Sample input content

The following table summarizes the key parameters of the source content video files used in measuring the encoding performance for the benchmarking

Clip Name Frame Count Duration Frame Rate Codec Resolution Chroma Sampling
1080p 43092 12 mins 60 H.264, High Profile 1920×1080 4:2:0 YUV
4K 776 13 secs 60 H.264, High Profile 3840×2160 4:2:0 YUV

Evaluation Adaptive Bit Rate (ABR ) targets

Adaptive bitrate streaming (ABR or ABS) is technology designed to stream files efficiently over HTTP networks. Multiple files of the same content, in different size files, are offered to a user’s video player, and the client chooses the most suitable file to play back on the device. This involves transcoding a single input stream to multiple output formats optimized for different viewing resolutions.

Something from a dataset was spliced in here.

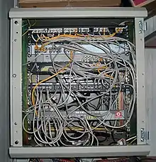 A wiring cupboard is a small room commonly found in institutional buildings, such as schools and offices, where electrical connections are made. While they are used for many purposes, their most common use is for computer networking where it may be called a premises wire distribution room (PWD room). Many types of network connections place limits on the distance between end user equipment, such as personal computers, and network access devices, such as routers. These restrictions might require multiple wiring cupboards on each floor of a large building.

For the benchmarking tests the input 4K and 1080K files were transcoded to various target resolutions that can be used to support different device and network capabilities at their native resolution: 1080p, 720p, 540p, and 360p. The bitrate (br) in the graphic shown here indicates the bitrate associated with each pixel. For example a 4K input file was transcoded to 360p resolution and 640 bitrate.

adaptive bitrate ladder for transcoding

Figure 1: Adaptive bitrate ladder used to transcode output video files. Source: https://developer.att.com/video-optimizer/docs/best-practices/adaptive-bitrate-video-streaming

Output results

Target duration analysis

The VT1.3xl instance completed the targeted encodes 15.709 seconds faster than the C5.9xl instance and 12.58 seconds faster than the C6.8xl instance. The results in the following charts detail that the VT1.3xl instance has better speed and price performance when compared to the C5.9xl and C6i.8xl instances.

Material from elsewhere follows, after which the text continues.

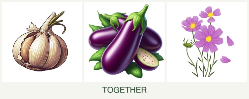 Pest Control: Garlic is known for its pest-repelling properties, which can benefit both eggplant and cosmos by deterring harmful insects.

% Price Performance = {(C5/C6 Price Performance – VT1 Price Performance) /C5/C6 Price Performance} * 100

% Speed = { (C5/C6 duration – VT1 duration) /C5/C6 duration } * 100

H.264 4K Clip (3 seconds duration) Instance Type
VT1.3xl C5.9xl C6i.8xl
Codec mpsoc_vcu_h264 x264 x264
Duration to complete ABR targets (See Evaluation Targets Below) 14.47632 30.186221 27.05856
Speed‍ Compared to VT1.3xl (%) N/A 52.043284 % 46.500035 %
Instance Cost ($/hour) $0.65 $1.53 $1.22
Instance Cost ($/second) $0.00018 $0.00043 $0.000338
Price Performance: $/(clip transcoded) $0.002605 $0.01298 $0.009145
Price Performance Compared to VT1.3xl (%) ‍ N/A 79.930662 % 71.514488 %
H.264 1080p Clip (12 minutes duration) Instance Type
VT1.3xl C5.9xl C6i.8xl
Codec mpsoc_vcu_h264 x264 x264
Duration to complete ABR targets (See Evaluation Targets Below) 490.82074 837.20001 762.63252
Speed‍ Compared to VT1.3xl (%)‍ N/A 41.373538 % 35.641252 %
Instance Cost ($/hour) $0.65 $1.53 $1.22
Instance Cost ($/second) $0.00018 $0.00043 $0.000338
Price Performance: $/(clip transcoded) $0.0883 $0.3599 $0.2577
Price Performance Compared to VT1.3xl (%)‍ N/A 75.465407 % 65.735351 %

The following section explains the encoding parameters used for testing. FFmpeg was installed on 1 x C5.9xl, 1x C6i.8xl, and 1 x VT1.3xl instances.  The two input files as mentioned in sample input files were run in parallel on each instance type, and the total duration to complete the transcoding to various output target resolutions was calculated.

Technical specifications

  • EC2 Instances: 1 x C5.9xl, 1x C6i.8xl, 1 x VT1.3xl
  • Video framework: FFmpeg
  • Video codecs: x264 (CPU), XMA (Xilinx U30)
  • Quality objective: x264 faster
  • Operating system
    • For C5 and C6 – x264, Amazon Linux 2 (Linux kernel 4.14)
    • For VT1- Xilinx: Amazon Linux 2 (Linux kernel 5.4.0-1038-aws)

Video codec settings for encoding performance tests

Instance C5, C6 VT1
Codec x264 mpsoc_vcu_h264
Preset Faster n/a
Output Bitrate (CBR) See Evaluation Targets above See Evaluation Targets above
Chroma Subsampling YUV 4:2:0 YUV 4:2:0
Color Bit Depth 8 bits 8 bits
Profile High n/a

Conclusion

Amazon VT1 EC2 instances are typically used for live real-time encoding; however, this blog post demonstrates VT1 VOD encoding  and price performance advantages when compared to C5 and C6 EC2 instances. VT1 instances can encode VOD assets up to 52% faster, and achieve up to 75% reduction in cost when compared to C5 and C6 instances. VT1 is best utilized in workloads with VOD encoding jobs that require low encoding speeds in the time it takes to complete outputs. Please visit the Amazon EC2 VT1 instances page for more details.